Five things we learned from The Stars Group's Q3 results
Regulated sportsbook revenues are top of the M&A agenda for the PokerStars parent company

13/11/2017

The Stars Group last week announced its Q3 earnings, with revenues up 17%cc to $329.4m. Below is five things we learned from the earnings report and subsequent investor call.
1) The firm is looking to acquire regulated sportsbook revenues
It’s well known that Stars is keen to add scale to its sportsbook, with William Hill the failed takeover target in the past. And CEO Rafi Ashkenazi said last week that Stars was still looking at M&A and “had a few targets in mind”.
“The focus for us when it comes to sportsbook is really about revenues,” Ashkenazi said, “And it’s primarily regulated revenues”.
That leaves William Hill firmly in the picture, while US analyst firm Eilers and Krejcik Gamingmooted GVC as a potential dance partner.

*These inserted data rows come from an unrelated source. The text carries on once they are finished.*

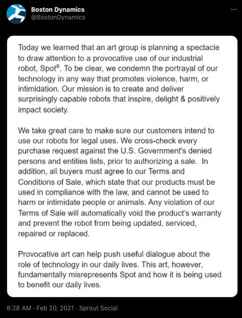「这种挑衅的艺术行为从根本上歪曲了Spot的使用准则,并且可能会对日常生活产生不好的影响。」并称这是对Spot机器人的「挑衅性使用」。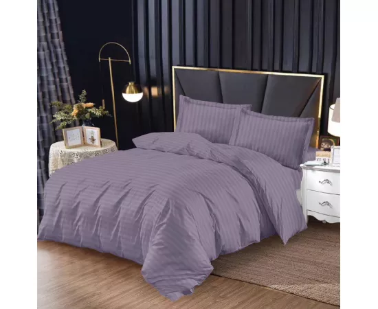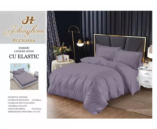 Lenjerie de Pat Damasc, 1 Persoana, 4 Piese cu Elastic, Lavanda Inchis - SIPRg-08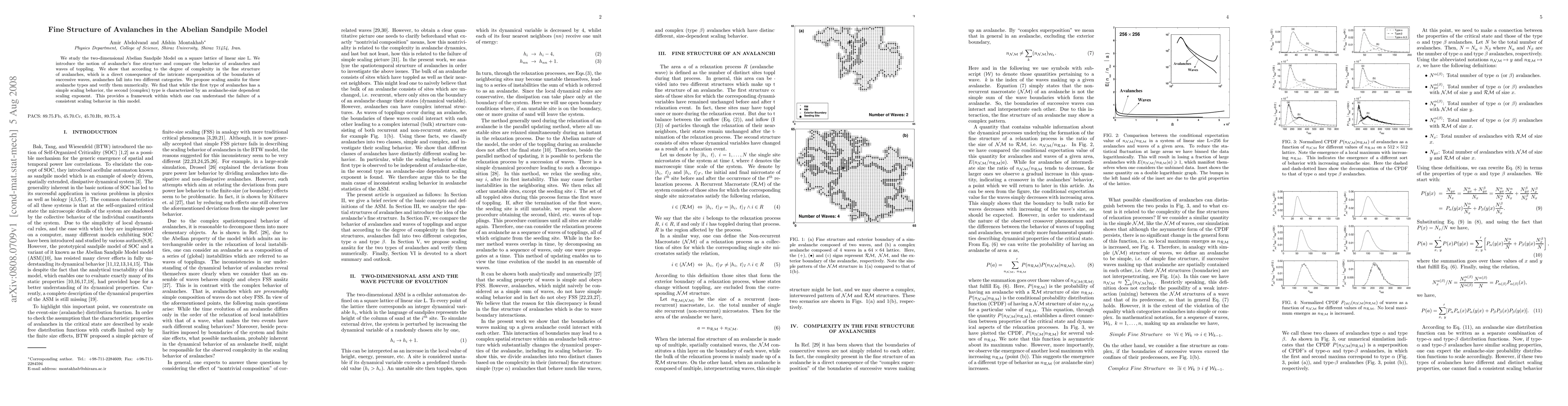 The paper investigates the fine structure of avalanches in the Abelian Sandpile Model on a square lattice, identifying two categories based on their complexity. It proposes scaling ansätze and finds that simple avalanches follow consistent scaling behavior, while complex ones exhibit an avalanche-size dependent scaling exponent.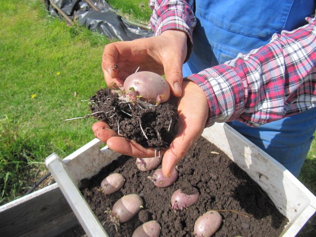Medan våra politiker tänker på kortsiktiga lösningar som faktiskt förvärrar den övergripande situationen får väl vi småskuttare jobba på de långsiktiga lösningarna och stå för kreativiteten. Aldrig förr har det varit så meningsfullt att odla som just i år. Ju dyrare maten blir i affären, desto mer pengar spar vi på att äta egenodlat. Dessutom är det en solidarisk handling att i år äta mer potatis/rotfrukter och mindre spannmål. I våra trädgårdar kan vi skapa djupa bäddar där vi kan få 10 kg potatis per kvm. I det industriella jordbruket med alla sina dyra insatsmedel är snittskörden bara 2.8 kg/kvm. Beroende på jord och odlingsmetod behövs ca 30-100 kvm för att en familj med två vuxna och två barn ska bli självförsörjande på potatis.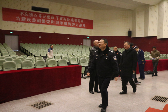 2月25日至28日, 沐川县将隆重召开“两会”,为给“两会”顺利召开创造安全稳定的环境,2月22日,沐川县公安局副局长李勇率县局治安大队长余敏会同县住建局、文广新局、消防大队工作人员深入“两会”会场和代表、委员入住酒店进行安全大检查。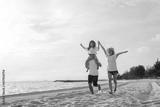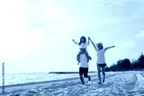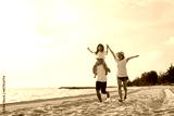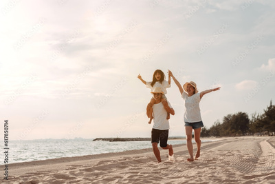 Happy asian family enjoy the sea beach. father, mother and daughter having fun playing beach in summer vacation on the ocean beach. Happy family with vacation time lifestyle concept.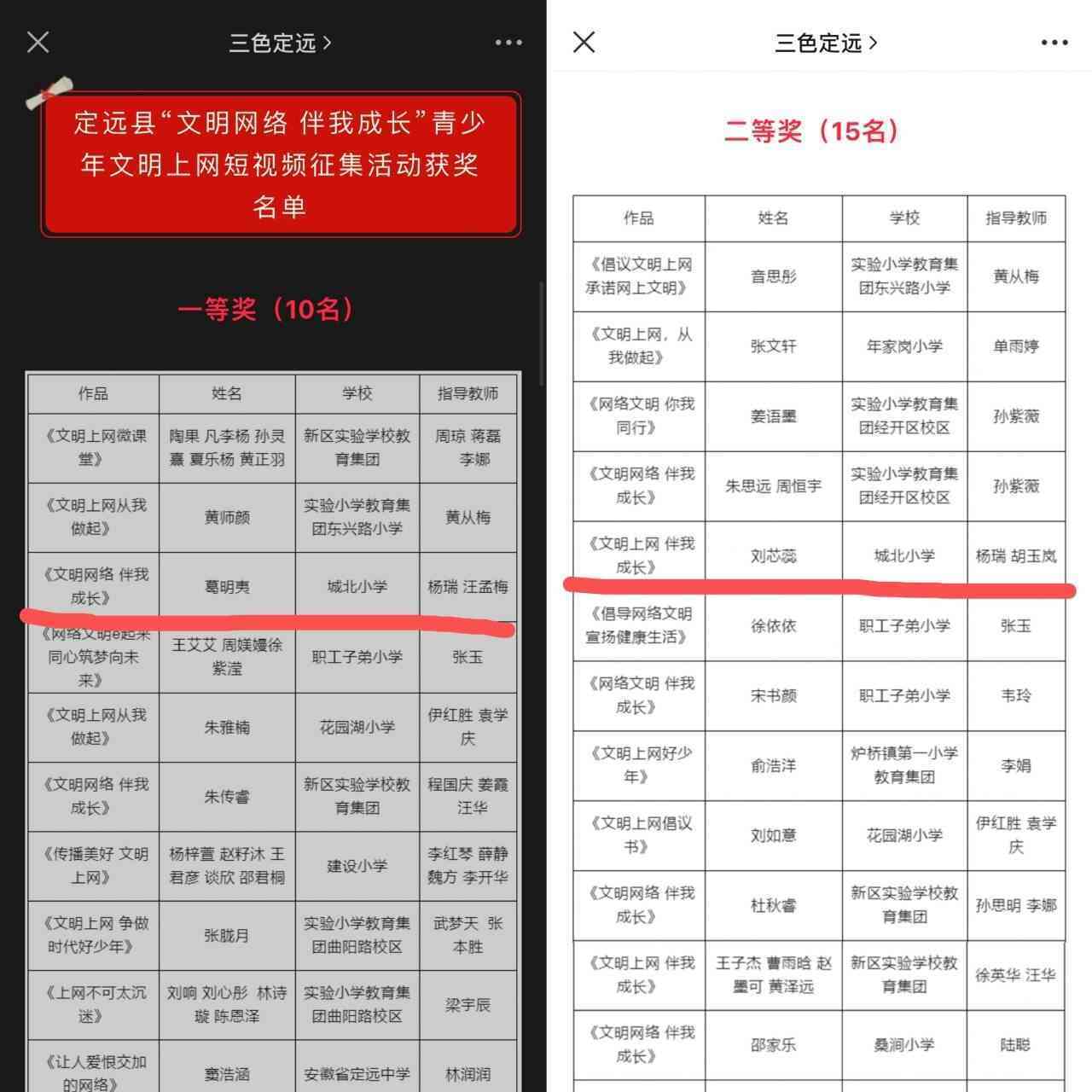 ~ 6月13日,由定远县委网信办、县文明办、县教体局联合开展的“文明网络 伴我成长”青少年文明上网短视频征集活动评选结果出炉,定远县城北小学传来佳讯。 ~ 本次活动中,城北小学四(...

“GVC has recently offloaded its Turkish-facing business in an effort to improve its regulatory profile and make it more attractive in the M&A market and has a strong revenue profile across many complimentary near-regulated markets,” Krejcik noted.
2) But BetStars is growing regardless
Sportsbook revenue and handle grew by 90% in the first nine months of the year, with Q3 revenues topping $11m. Ashkenazi also hailed the “relatively significant player base which is coming directly to BetStars and it’s not really depending on the cross-sell from poker”.
The firm said it has been making technology improvement all year (hence the desire to add revenues rather than tech through M&A), and plans to ramp up marketing in Q4, and ahead of the World Cup, with the aim of making sportsbook a profitable standalone business.
3) Poker returned to growth (but did it?)
Real-money poker revenues climbed 7.5%cc to $214m in Q3, with the firm suggesting low-single digit growth could be maintained going forward, thanks largely to the Stars Rewards programme.
However analysts were less inclined to see the uptick as sustainable, with active poker users flat at around two million, meaning all the growth came from existing players.
Paul Leyland at Regulus Partners said the limited growth in actives told “a bigger and more strategically relevant story,” adding “Poker is typically a small market in nearly every jurisdiction and sustainable growth remains unproven at best”.
4) A similar story in casino
Casino and sportsbook revenues climbed 48% to $95m in Q3, but casino active uniques were only up 20%, meaning the firm is getting a better yield from existing customers. Askhenazi pointed to live dealer products, which are traditionally higher staking, as a key driver of growth.
“We see a very significant increase when it comes to our live dealer offerings,” he said. “To an extent, we believe we may be the largest live dealer operator out there among public companies.”
The CEO also pointed to new slots from Tier 1 operators, improved UX, the launch of the standalone casino mobile app and a fledgling VIP scheme.
5) More investment in new forms of poker
PokerStars beta-launched its PowerUp variant earlier this year, which sought to bring a new audience to poker by introducing elements of esports to the game.
Ashkenazi said Power Up had generated “meaningful poker player buzz,” and the operator anticipated a full-scale commercial launch in early 2018.
He added: “We also intend to run up investments in R&D to pioneer new and engaging variationsof the traditional poker format.
“We believe that Power Up and other future game variants will help us to increase engagement among existing players and attract a new generation and new audience of online poker players.”